The phone call made me angry because it told me the point of the article had been lost on the people who could do something about it. So I wrote another editorial for the next issue. This time the phone call came from the president of Sanger-Harris, the department store that was our largest advertiser. He was clearly embarrassed, but he used words nearly identical to Bickley’s. “I’ve received a number of phone calls. Maybe you want to reconsider your approach on this.”


That the Dallas Citizens Council was attempting to interfere with my business instead of tackling the disaster on Ross Street infuriated me. I wrote a third editorial, and this time the call came from John Stemmons. “Son,” he said in that sonorous voice he used in his most persuasive moments, “it’s been a long time since you and I have talked. Why don’t you come down here for bourbon this afternoon? Say, 4 o’clock. Sharp.”
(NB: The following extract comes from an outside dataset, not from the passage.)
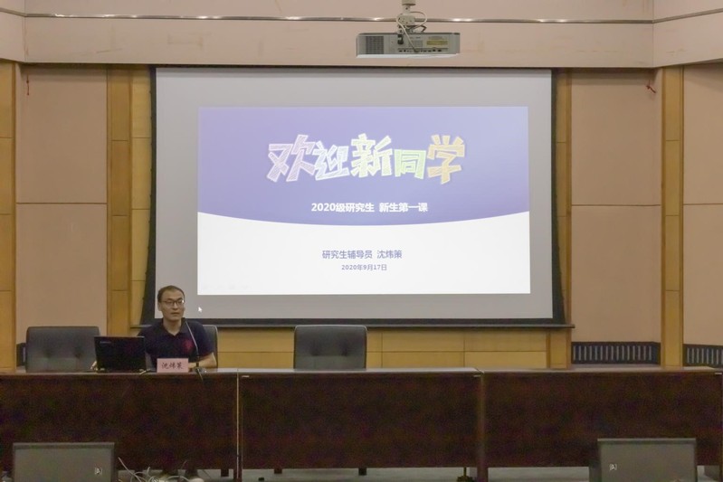 新生第一课的第二部分由辅导员沈炜策老师对商学院研究生日常工作进行了简单介绍并且对研究生新生做了安全教育。其中包括商学院研究生办公室的职责、各科室的主管工作、日常事项的办理途径以及校内常用网站的用途等。此外,针对同学们近期提出的常见问题,沈老师也都耐心地进行了解答。

So that afternoon I drove to the Stemmons Towers on Stemmons Freeway to meet John Stemmons. The receptionist on the top floor opened the doors to usher me into his huge office with its plate glass window perfectly framing downtown Dallas. As I walked in, the theme from Fiddler on the Roof suddenly blared from four speakers in each of the office’s corners: “Tra-di-tion!” “Tra-di-tion!”


I broke out laughing. At his desk on the far end of the room sat John Stemmons, and he was laughing, too. He switched off the recording and motioned me to sit. On the desk, a glass of amber-colored liquor was waiting for me.


He raised his glass and said, “I told those old biddies that there wasn’t a damned thing any of them could do to stop you, so why piss you off by trying? I told them, that boy loves Dallas, so instead of bothering him, maybe you ought to listen to him.”


Three weeks later, Superintendent Nolan Estes resigned to take a professorship at the University of Texas at Austin, effective immediately.


It was the Dallas Way. And I have to admit, I miss it.